Don’t sit it out. The year 2022 should be a bumper year for M&A in India. Executive teams know this is a unique moment of transformation and that M&A has an important role to play. Our research clearly indicates that winners reshape portfolios in times of turbulence. During the 2008 financial crisis, for example, Indian companies that acquired or divested outperformed their peers two to one in earnings before interest and taxes growth over the subsequent five years.
Companies sometimes feel constrained not by a lack of capital but rather by an executive team’s limited bandwidth and its lack of confidence in successfully integrating a scope acquisition. This is particularly true for first-time buyers, but it also is the case for more seasoned dealmakers doing first-time scope deals. The good news is that the risks in scope deals are known and understood and that a strong playbook can be deployed for value creation.
Reshape the portfolio. Future growth engines (what we call “Engine 2”) can hedge against disruption of a core business, or they can help a company take advantage of shifting business boundaries in newly accessible adjacent markets. Leadership teams must make resource allocation decisions between businesses that will generate cash, drive growth, and boost valuation—and they must use this moment to reshape portfolios through acquisitions and divestitures.
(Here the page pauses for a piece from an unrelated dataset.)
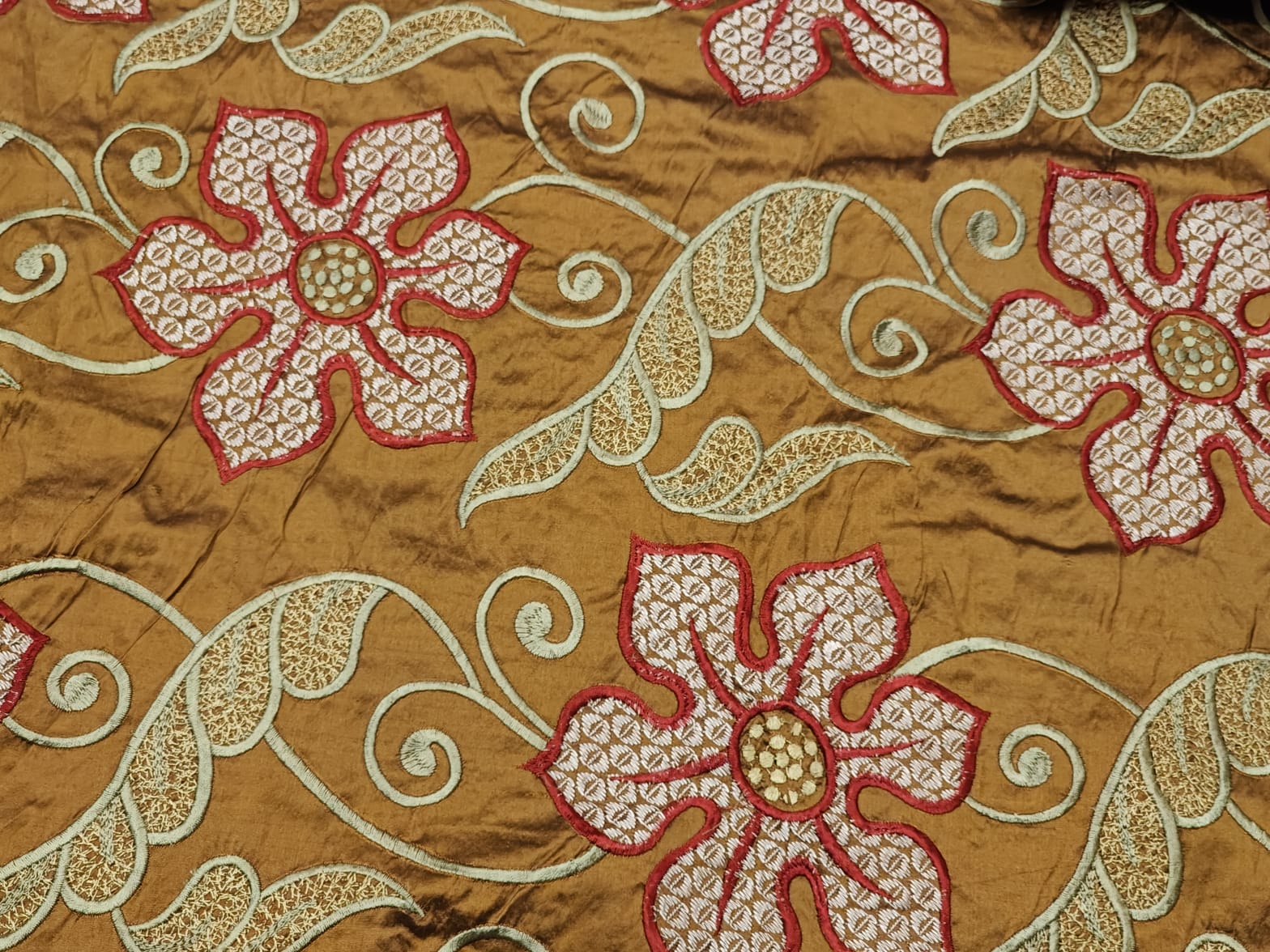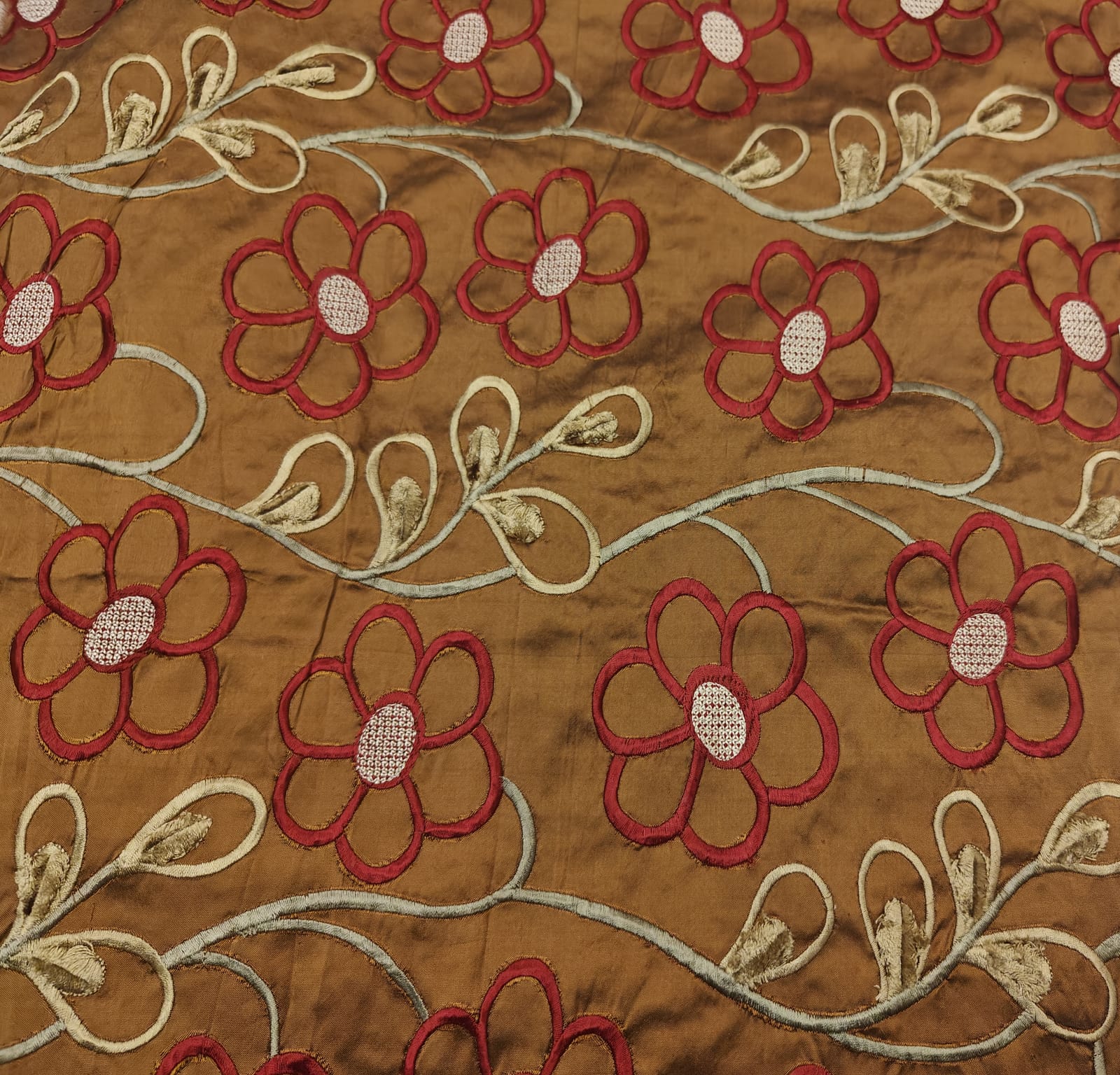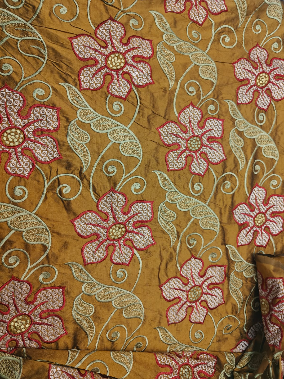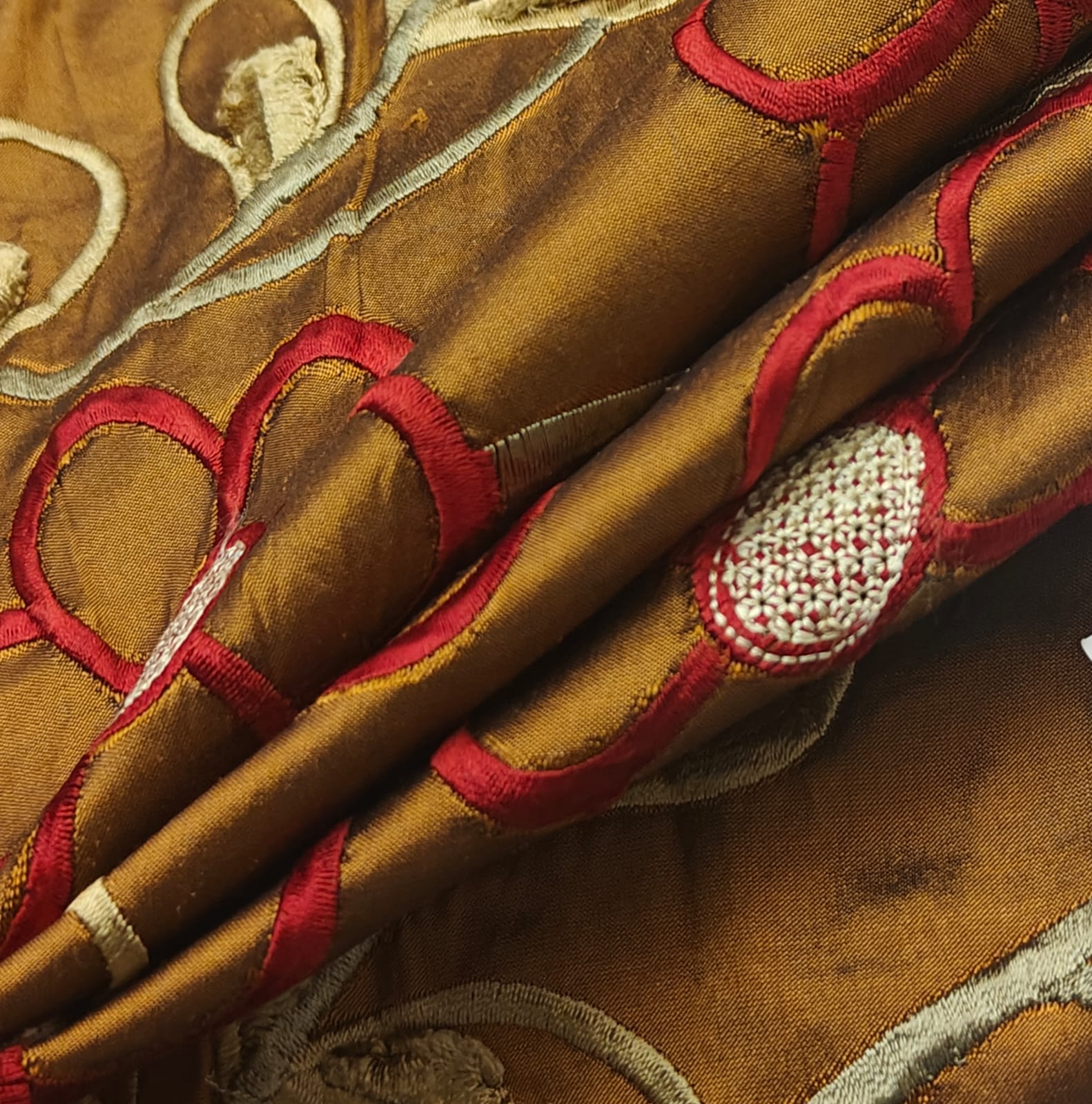Dupioni (also referred to as Douppioni or Dupion) is a plain weave crisp type of silk fabric, produced by using fine thread in the warp and uneven thread reeled from two or more entangled cocoons in the weft. This creates tightly-woven yardage with a highly-lustrous surface.It is sometimes confused with 'shantung' or 'raw silk' which is usually lighter in weight and has a finer weave than dupion.

Deploy the appropriate M&A playbook. Done correctly, scope deals can unlock tremendous value. That was the case with Tata Consumer Products, which generated an 84% excess return above the Sensex. Scope deals can be difficult to execute, however, and they can destroy value without the right playbook. First-time buyers need to build a repeatable M&A model for success.
For example, in scope deals, it is not sufficient just to understand the standalone value of a target and joint value creation potential. Dimensions such as culture, sustainability, and consumer sentiment should also be evaluated as a standard part of due diligence. Also, the best companies have a clear integration thesis and an equally clear understanding of the critical few decisions that will make or break the success of the deal. The integration thesis needs to translate the deal thesis into a roadmap of what needs to be integrated (or not integrated), when to integrate, and how to go about the integration.